Ashri Bhakti Updates

What Child Psychology Research Really Says About Screens, Stories, and Emotional Development — And Why It Matters for Apps Like Ashri Bhakti

Author
Sarbatra Inc
Published
June 15, 2026

What the Research Actually Says About Kids, Screens, and Stories

If you’re a parent scrolling through app store reviews at 9 PM trying to decide what’s actually okay to hand your child, you’re not alone — and the research community has been asking the same question, just with bigger sample sizes.

Over the past few years, journals including JAMA Pediatrics and JAMA Network Open have published a steady stream of cohort studies and meta-analyses on how early screen exposure relates to cognitive, language, and social-emotional outcomes. At the same time, a separate and growing body of work — spanning psychiatric nursing journals, education research, and even human-computer interaction studies — has been looking at the opposite question: what happens when children’s media time is built around structured, guided storytelling instead?

The findings from both bodies of research point in a fairly consistent direction.
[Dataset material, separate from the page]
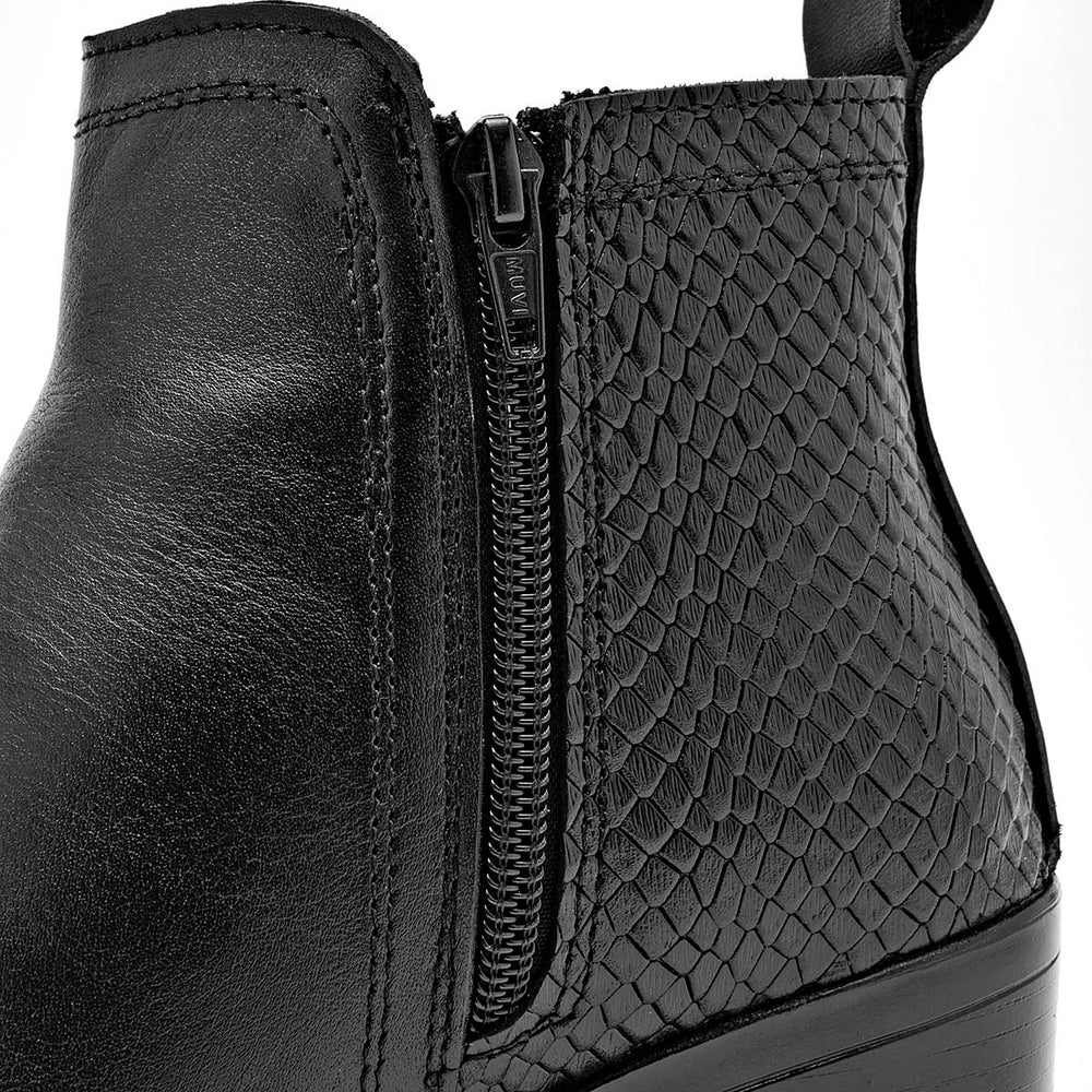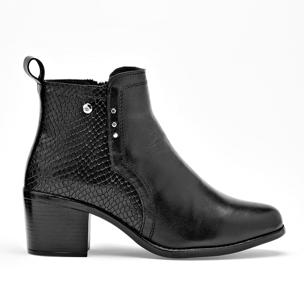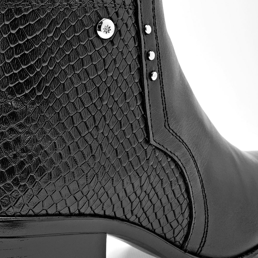 Este botín presenta una mezcla de acabados que lo hacen destacar. La parte frontal y lateral interna muestran un acabado liso, mientras que el panel trasero luce una textura grabada que imita la piel de serpiente , añadiendo profundidad y un toque distintivo. Cuenta con un práctico cierre lateral que facilita su colocación. Un detalle sutil pero llamativo son los tres pequeños apliques metálicos circulares ubicados en el lateral exterior del talón, aportando un ligero brillo y un toque moderno.

This post walks through what’s actually been published, what it means for how families think about apps and screen content, and where a story-first model like Ashri Bhakti fits into that picture — without overstating what the science says.

Tuppi of Ashari Bhakti

1. Screen Time Research: What the Studies Actually Found

It’s worth being precise here, because “screens are bad” is too blunt a summary of what these studies show. The more accurate picture is about how much, when, and what kind of content matters.
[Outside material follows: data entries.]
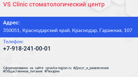 VS Clinic, стоматологический центр по адресу 350051, Краснодарский край, Краснодар, Гаражная, 107 в дальнейшем Организация, размещена в следующих категориях:
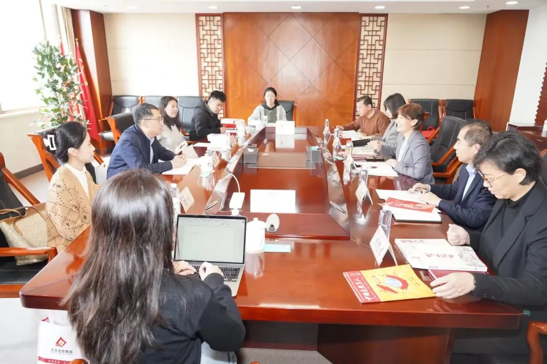 4月11日上午,退役军人事务部宣传中心副主任魏鑫一行到北京出版集团参访交流。集团党委副书记、董事曹蕾对魏鑫一行表示欢迎,主持座谈会并介绍有关情况。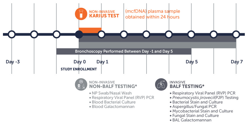The primary endpoint of this study was to determine the additive diagnostic value of the Karius Test, defined as the proportion of patients where the SOC was negative that had a probable cause of pneumonia exclusively identified by plasma mcfDNA sequencing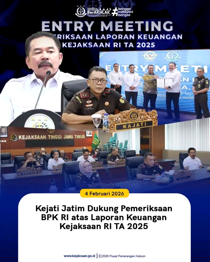 Kejaksaan Tinggi Jawa Timur menyatakan komitmen penuh untuk mendukung dan menyukseskan seluruh tahapan pemeriksaan sebagai bagian dari upaya memperkuat tata kelola, manajemen risiko, dan keberlanjutan kinerja agar tujuan penegakan hukum dapat dicapai secara efektif, kredibel, dan berintegritas.(***).

Early and prolonged exposure is linked to weaker outcomes. A 2022 cohort study published in JAMA Pediatrics followed 152 children from 6 to 72 months of age and found that excessive screen time, especially when it started earlier and increased over time, was associated with worse cognitive and social-emotional development outcomes compared to children with consistently low screen exposure.
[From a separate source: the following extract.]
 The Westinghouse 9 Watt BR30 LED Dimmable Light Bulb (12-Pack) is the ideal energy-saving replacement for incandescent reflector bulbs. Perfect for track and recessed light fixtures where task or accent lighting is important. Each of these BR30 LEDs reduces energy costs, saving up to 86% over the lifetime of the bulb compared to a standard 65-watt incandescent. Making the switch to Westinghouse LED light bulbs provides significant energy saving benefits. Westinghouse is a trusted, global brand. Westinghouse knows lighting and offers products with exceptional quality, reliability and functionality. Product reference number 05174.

The effect shows up even at very young ages. A Japanese cohort study published in JAMA Pediatrics in 2023 examined screen time at just one year old and its relationship to communication and problem-solving delays measured later, at ages two and four — finding measurable associations even from that early starting point.

It’s not just about the child’s behavior — it affects the home environment too. A 2024 study in JAMA Pediatrics looked at screen time and parent-child talk in children aged 12 to 36 months, examining how device use during this critical language-development window relates to the amount of verbal interaction happening between parents and toddlers.

Mechanism research is starting to explain why. A 2025 study from the University of Pittsburgh, published in JAMA Pediatrics, followed nearly 1,000 children aged 9–13 and explored how excessive screen time may affect sleep duration and brain white matter organization — structural factors that are closely tied to emotional health. This is one of the more important developments in the field: it’s moving the conversation from “screens correlate with worse outcomes” toward an actual biological explanation involving sleep disruption and brain development.

Logo of Ashari Bhakti

A large-scale review backs this up. A 2024 systematic review and meta-analysis in JAMA Pediatrics specifically examined the context of screen use — not just the amount — and its relationship to cognitive and psychosocial outcomes in early childhood, reinforcing that content type and viewing context are critical variables, not just total minutes.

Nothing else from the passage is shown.